From my initial analysis, the crash occurs after the following statement
(line 35 of tests/python/test_xlate1.py) is executed.

ip.tc("add-filter", "u32", ifindex, ":1", parent="ffff:", action=[action],
protocol=protocols.ETH_P_ALL, classid=1, target=0x10002, keys=['0x0/0x0+0'])

Any ideas about why this is happening?
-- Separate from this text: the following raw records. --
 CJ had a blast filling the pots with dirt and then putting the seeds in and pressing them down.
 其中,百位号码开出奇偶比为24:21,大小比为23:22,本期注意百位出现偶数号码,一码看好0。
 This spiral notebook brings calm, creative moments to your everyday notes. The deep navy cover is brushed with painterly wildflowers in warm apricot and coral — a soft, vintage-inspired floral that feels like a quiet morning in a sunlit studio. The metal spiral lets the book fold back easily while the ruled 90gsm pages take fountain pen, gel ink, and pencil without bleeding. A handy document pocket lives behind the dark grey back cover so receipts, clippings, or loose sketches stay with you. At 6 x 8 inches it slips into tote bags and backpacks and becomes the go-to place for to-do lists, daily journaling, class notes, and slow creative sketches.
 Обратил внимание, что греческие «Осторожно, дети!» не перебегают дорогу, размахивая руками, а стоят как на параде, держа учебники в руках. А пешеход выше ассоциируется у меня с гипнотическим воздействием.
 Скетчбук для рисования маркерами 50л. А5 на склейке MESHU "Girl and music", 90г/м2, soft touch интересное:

Also, it would be really helpful
if someone can translate the Pyroute2 calls in the test script to the
corresponding tc commands.

Here is the kernel crash log:

[ 710.746123] IPv6: ADDRCONF(NETDEV_UP): py_xlate1_c.out: link is not ready
[ 710.746457] IPv6: ADDRCONF(NETDEV_CHANGE): py_xlate1_c.out: link becomes ready
[ 710.746662] IPv6: ADDRCONF(NETDEV_CHANGE): eth0: link becomes ready
[ 711.141263] Unable to handle kernel paging request for data at address 0x3fecb0000
[ 711.145240] Faulting instruction address: 0xc0000000009f6f14
[ 711.145613] Oops: Kernel access of bad area, sig: 11 [#1]
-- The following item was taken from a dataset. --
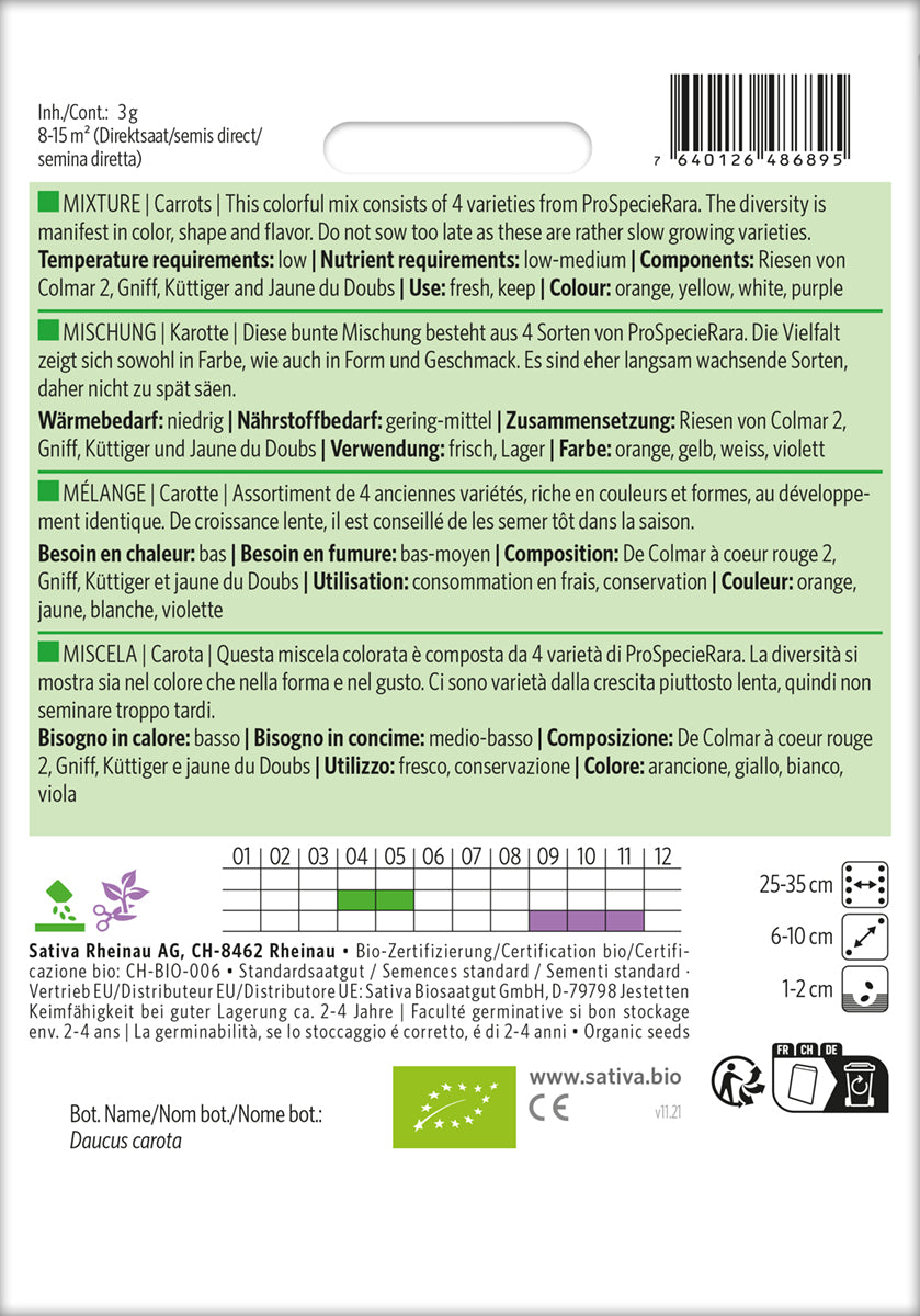 En super lækker blanding af 4 forskellige sorter af gulerødder. Mangfoldigheden er tydelig i både farve, form og smag. Der er Orange, gul, hvid og violette. De er ret langsomt voksende sorter, så så ikke for sent. Udvikles på 130-140 dage.
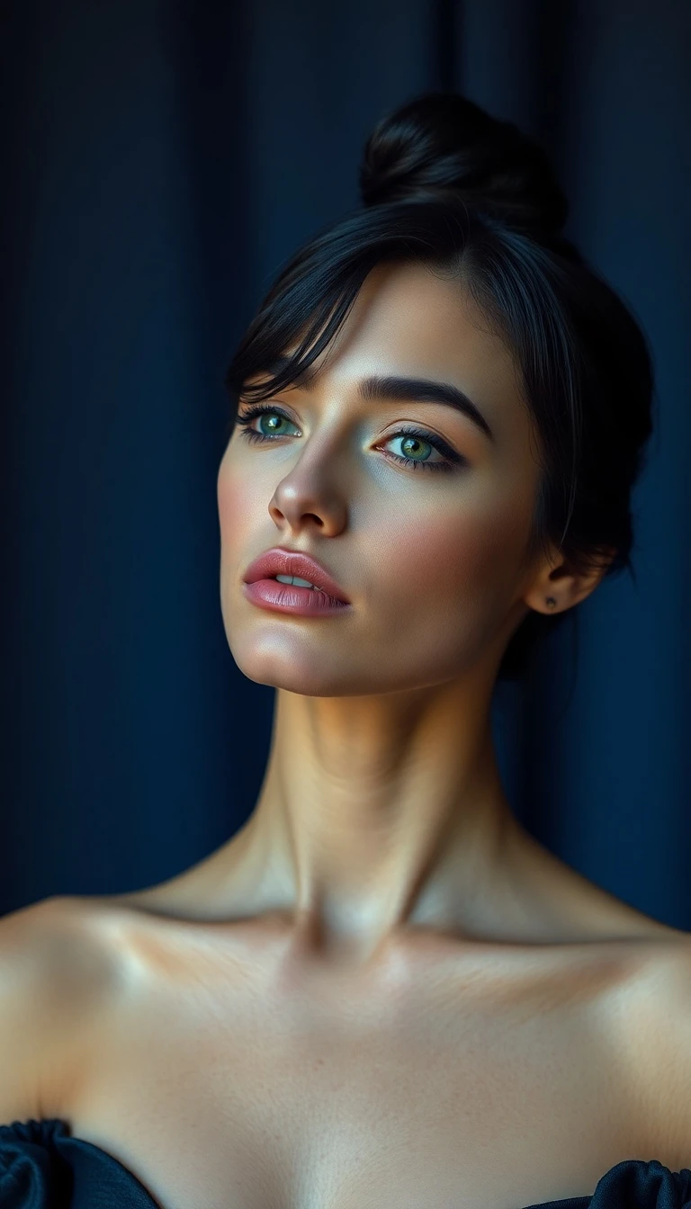 "A cinematic style fine art photograph, with gentle, soft light and soft pastel colours, features a close-up head and shoulders portrait of a supermodel in her early 20s. head tilted slightly left, Her luminous complexion is sculpted by Rembrandt lighting. She has raven black hair in a bun, vivid green-silver eyes turned to her right looking into camera, full parted pink lips. A navy blue silk backdrop offers harmony, with a muted golden rim light adding depth. The diffused shadows, subtle illumination, and soft contrast create a serene, confident mood. Photographed with a Sony A1 and 120mm lens for high resolution and an editorial style. "

[ 711.145898] LE SMP NR_CPUS=1024 NUMA pSeries
[ 711.146191] Modules linked in: act_bpf cls_u32 sch_sfq sch_ingress veth kvm_pr kvm ip6t_rpfilter ip6t_REJECT nf_reject_ipv6 xt_conntrack ip_set nfnetlink ebtable_nat ebtable_broute bridge stp llc ip6table_nat nf_conntrack_ipv6 nf_defrag_ipv6 nf_nat_ipv6 ip6table_mangle ip6table_raw ip6table_security iptable_nat nf_conntrack_ipv4 nf_defrag_ipv4 nf_nat_ipv4 nf_nat nf_conntrack iptable_mangle iptable_raw iptable_security ebtable_filter ebtables ip6table_filter ip6_tables sunrpc pseries_rng vmx_crypto crct10dif_vpmsum 9pnet_virtio 9pnet virtio_balloon xfs libcrc32c virtio_net virtio_blk virtio_pci ibmvscsi virtio_ring scsi_transport_srp crc32c_vpmsum virtio
[ 711.149415] CPU: 27 PID: 1857 Comm: ping Not tainted 4.15.0-rc7 #4
[ 711.149768] NIP: c0000000009f6f14 LR: c0000000009fbaf8 CTR: c000000000027020
[ 711.150195] REGS: c0000003fff07a00 TRAP: 0300 Not tainted (4.15.0-rc7)
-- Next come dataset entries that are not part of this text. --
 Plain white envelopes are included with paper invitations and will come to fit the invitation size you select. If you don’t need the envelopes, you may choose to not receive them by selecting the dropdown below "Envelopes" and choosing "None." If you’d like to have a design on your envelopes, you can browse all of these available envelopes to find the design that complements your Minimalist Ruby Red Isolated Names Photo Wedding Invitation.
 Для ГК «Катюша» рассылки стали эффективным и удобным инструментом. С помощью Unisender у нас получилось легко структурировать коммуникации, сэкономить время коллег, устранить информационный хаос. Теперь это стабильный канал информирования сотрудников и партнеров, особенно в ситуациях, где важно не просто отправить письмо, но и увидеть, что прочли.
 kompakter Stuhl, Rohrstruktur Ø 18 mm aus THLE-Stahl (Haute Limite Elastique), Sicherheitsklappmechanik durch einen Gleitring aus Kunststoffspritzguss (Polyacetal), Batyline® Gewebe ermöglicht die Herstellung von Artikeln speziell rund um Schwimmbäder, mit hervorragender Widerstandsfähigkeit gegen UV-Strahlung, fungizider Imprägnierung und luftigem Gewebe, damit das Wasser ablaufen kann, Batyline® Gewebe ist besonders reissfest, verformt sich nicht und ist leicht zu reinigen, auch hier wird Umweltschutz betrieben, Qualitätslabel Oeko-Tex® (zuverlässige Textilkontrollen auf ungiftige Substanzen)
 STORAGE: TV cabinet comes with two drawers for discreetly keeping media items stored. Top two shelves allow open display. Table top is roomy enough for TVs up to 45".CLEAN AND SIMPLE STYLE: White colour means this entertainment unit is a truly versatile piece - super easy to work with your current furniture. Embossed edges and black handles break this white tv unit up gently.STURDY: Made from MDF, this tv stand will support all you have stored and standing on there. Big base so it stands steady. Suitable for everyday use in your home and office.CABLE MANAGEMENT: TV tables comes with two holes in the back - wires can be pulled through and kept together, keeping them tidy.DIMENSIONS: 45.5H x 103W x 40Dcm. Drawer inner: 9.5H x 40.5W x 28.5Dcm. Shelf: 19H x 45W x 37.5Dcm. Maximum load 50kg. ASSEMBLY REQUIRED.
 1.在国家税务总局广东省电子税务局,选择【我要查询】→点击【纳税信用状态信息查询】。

[ 711.150550] MSR: 8000000000009033 <SF,EE,ME,IR,DR,RI,LE> CR: 28002882 XER: 20000000
[ 711.150982] CFAR: 00007fff9f240520 DAR: 00000003fecb0000 DSISR: 40000000 SOFTE: 1
[ 711.150982] GPR00: c0000000009fbaf8 c0000003fff07c80 c0000000014a2d00 000000000000001c
[ 711.150982] GPR04: 0000000000000001 0000000000000000 0000000000000636 00000003fecb0000
[ 711.150982] GPR08: 00000003fecb0000 0000000000000000 c0000003f2558a80 d000000007c80fd0
[ 711.150982] GPR12: 0000000000002200 c00000000fd71b80 0000000000000000 0000000108d32594
[ 711.150982] GPR16: 0000000000008906 0000000000000000 0000000000000001 0000000000000001
[ 711.150982] GPR20: c0000003e4f42ba0 0000000000000000 0000000000000005 0000000000000000
[ 711.150982] GPR24: 0000000001080020 c000000001036fa8 000000000000dd86 000000000000a888
[ 711.150982] GPR28: c00000000305a000 0000000000000001 0000000000000000 c0000003e4a40200
[ 711.154688] NIP [c0000000009f6f14] __netif_receive_skb_core+0x734/0xe70
[ 711.155041] LR [c0000000009fbaf8] process_backlog+0xc8/0x1e0
[ 711.155392] Call Trace:
[ 711.155536] [c0000003fff07c80] [c0000000009f6d98] __netif_receive_skb_core+0x5b8/0xe70 (unreliable)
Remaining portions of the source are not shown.